• Deoxyribo nucleic acid (DNA) is made up of nucleotides
• Each nucleotide is made up of a phosphate group, a sugar molecule and an amino acid base
• Four types of bases can be found in the DNA structure: Adenine (A), Guanine (G), Thymine (T) and Cytosine (C)
• Two strands of DNA makes up the double helix structure
• The bases from one strand forms hydrogen bonds with a complimentary base of the opposite strand of DNA
  • Adenine (A) forms two hydrogen bonds with Thymine (T)
  • Guanine (G) forms three hydrogen bonds with Cytosine (C)

• In addition to hydrogen bonds between two bases, there are Van der waals forces between one pair and another
• DNA replication is a vital process whereby two identical DNA molecules are produced by replicating one
• In order for this to occur, the DNA double helix must first separate
• This separation of the two strands is through the breaking of the intermolecular forces and the hydrogen bonds that hold the base pairs together
• Once separated, each of the bases on the strands are matched with their complementary base
• So forming two new pairs of strands, that are identical to the original DNA molecule

Primary structure of proteins

• Amino acid monomers polymerise through condensation polymerisation to make polymer chains containing peptide links (referred to as amide links in chemistry)
• Dipeptides are formed when two amino acids polymerise
• Proteins are essentially polypeptides as many amino acid molecules join together to form proteins
  • Once polymerisation occurs, the monomers are not referred to as amino acids
  • They become known as amino acid residues – when two amino acids combine, a water molecule is lost

• The primary structure consists of a chain of amino acids covalently bonded together through peptide bonds
• Each amino acid residue has a name
  • For example glycine has the abbreviation ‘Gly’

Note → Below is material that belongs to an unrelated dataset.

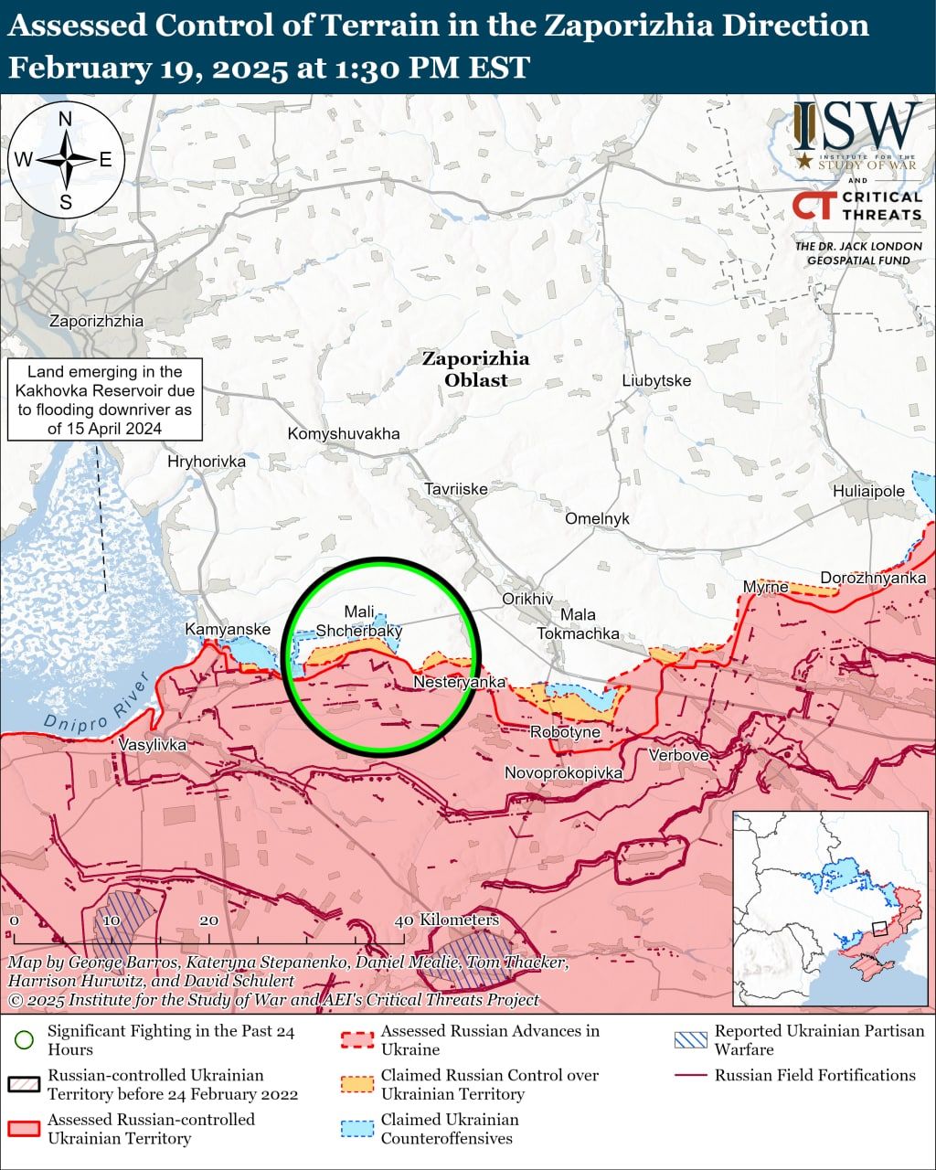 - 19 февраля российские войска продолжили наземные атаки на западе Запорожской области, но не продвинулись. Украинские БпЛА за прошедшие сутки уничтожили российские ЗРК и нанесли удар по позициям россиян вблизи Чумацкого.

• Primary protein structure is mostly limited to considering just the covalent bond between amino acids and another type of covalent bonding known as a sulfur bridge
• A sulfur bridge is formed if two cysteine molecules are next to each other when the protein folds
• The sulphur atoms form their own covalent bonds

Secondary structure of proteins

• The secondary structure takes into account interactions between strands of proteins
• There are two types: α-helices and β-sheet
• α-helix is formed as a protein strand is folded into a coil like that of a screw
  • Hydrogen bonds form between the oxygen atom of the peptide C=O and nitrogen atom of the peptide N-H
  • These hydrogen bonds stabilise the α-helix structure of the protein

• β-sheet is formed when chains of proteins lie alongside each other as they fold
• Hydrogen bonds form between the oxygen atom of C=O groups on the chain and the hydrogen atoms of N-H groups on another part of the protein chain

Tertiary structure of proteins

• The tertiary structure arises through more complex folding of secondary protein structures
• They are stabilised through hydrogen bonds, van der waals forces, covalent bonds (sulphur bridges) and ionic interactions between amino acid R groups
• Some amino acid bases contain extra amine groups (-NH₂) and some contain extra acid groups (-COOH)
• When these groups are ionised, a species called a Zwitterion forms
• A proton is transferred from the acid group (forming -COO^–) to an amine group forming -NH₃⁺)
• This ionic interaction can be seen with lysine and aspartic acid

• Some of the amino acid residues are nonpolar where there is an abundance of van der waals interactions
• All of these interactions work in unison to form a highly stabilised tertiary protein structure.